Although much remains to be learned in each of antitumor research areas that no doubt will have an impact on the management of cancer, it is already possible to identify new directions in cancer therapeutics aimed at exploiting the knowledge acquired so far. The approaches that are being pursued at present are essentially as follows: (1) the development of specific or highly selective antitumor agents affecting newly discovered cellular sites of potential intervention; (2) the increase of antitumor effectiveness of available drugs through the design of improved treatments, including combination treatments based on the knowledge of the mechanisms of antitumor and toxic drug action; (3) the modification or prevention of resistance to individual or multiple drugs, whether natural or acquired, through the alteration of relevant gene expression and/or the modification of biochemical mechanisms involved; (4) the induction of therapeutically profitable alterations of biological responses to tumor through the administration of soluble or cellular effectors, or their blockage and/or modulation; (5) the development of combined treatment modalities maximizing antitumor action and taking advantage of differences in the limiting toxicities of the treatments combined; and (6) the development of treatments tailored to individual patients based on improved assessments of potential tumor responsiveness and of the limitations related to the heterogeneity of tumor cell populations.

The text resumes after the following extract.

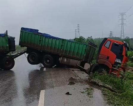 Xe đầu kéo chắn ngang quốc lộ
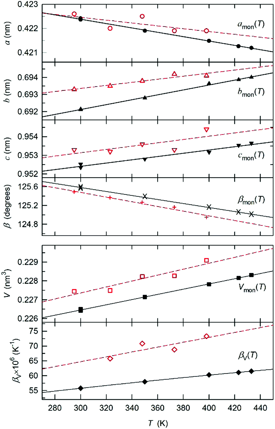 | Fig. 4  The effect of temperature T on the unit cell parameters a, b, c, β, and volume V, and on the volumetric thermal expansion coefficient βV of coarse- and nanocrystalline acanthite. The approximation of the experimental data by the solid line and the closed symbols (●), (▲), (▼), (×), (■), and (♦) corresponds to coarse-crystalline acanthite and the approximation by the dotted line and the open symbols (  ), (  ), (  ), (  ), (  ), and (  ) corresponds to nanocrystalline acanthite. Reproduced from ref. 1 with permission from Springer. | ||

In summary, extracts of Illicium verum, Glycyrrhiza glabra, Rhamnus Frangula, and Linum usitatissimum have shown significant reduction in in vitro tumor cell proliferation. Additional studies are needed to identify how these natural extracts could be used as a complementary approach to currently used chemotherapies for different cancers. Also, more studies designed to investigate the molecular mechanisms underlying anticancer activity are needed. Altogether, natural extract use holds promise as an adjuvant treatment to prevent tumor cell growth.